_Exercise directions_
Please copy the lines below, exactly as they are, from the one with "2、蔥花、雞蛋、面粉混合,加入水拌成可流動(dòng)的糊狀。" through the one with "2歳のお孫ちゃんが、身振り手", and leave out the pictures.

_Supplied information_

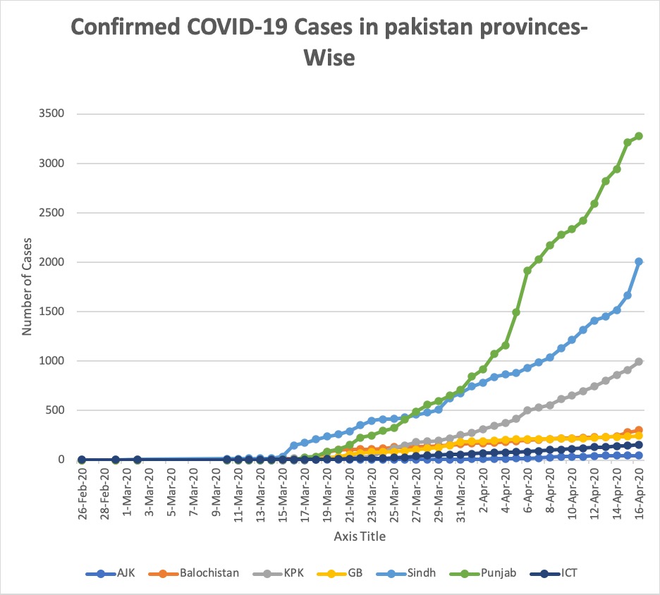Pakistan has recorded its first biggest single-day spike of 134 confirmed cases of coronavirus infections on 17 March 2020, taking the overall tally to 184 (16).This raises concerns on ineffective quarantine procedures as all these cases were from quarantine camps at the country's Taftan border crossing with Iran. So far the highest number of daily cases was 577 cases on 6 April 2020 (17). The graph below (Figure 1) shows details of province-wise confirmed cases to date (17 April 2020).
--
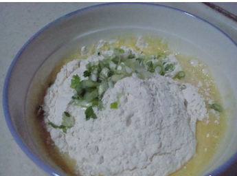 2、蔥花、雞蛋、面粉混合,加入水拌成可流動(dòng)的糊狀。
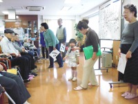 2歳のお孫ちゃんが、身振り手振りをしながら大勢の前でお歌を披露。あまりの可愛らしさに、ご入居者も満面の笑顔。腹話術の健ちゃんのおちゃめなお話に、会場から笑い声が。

_Exercise response_
 2、蔥花、雞蛋、面粉混合,加入水拌成可流動(dòng)的糊狀。
 2歳のお孫ちゃんが、身振り手振りをしながら大勢の前でお歌を披露。あまりの可愛らしさに、ご入居者も満面の笑顔。腹話術の健ちゃんのおちゃめなお話に、会場から笑い声が。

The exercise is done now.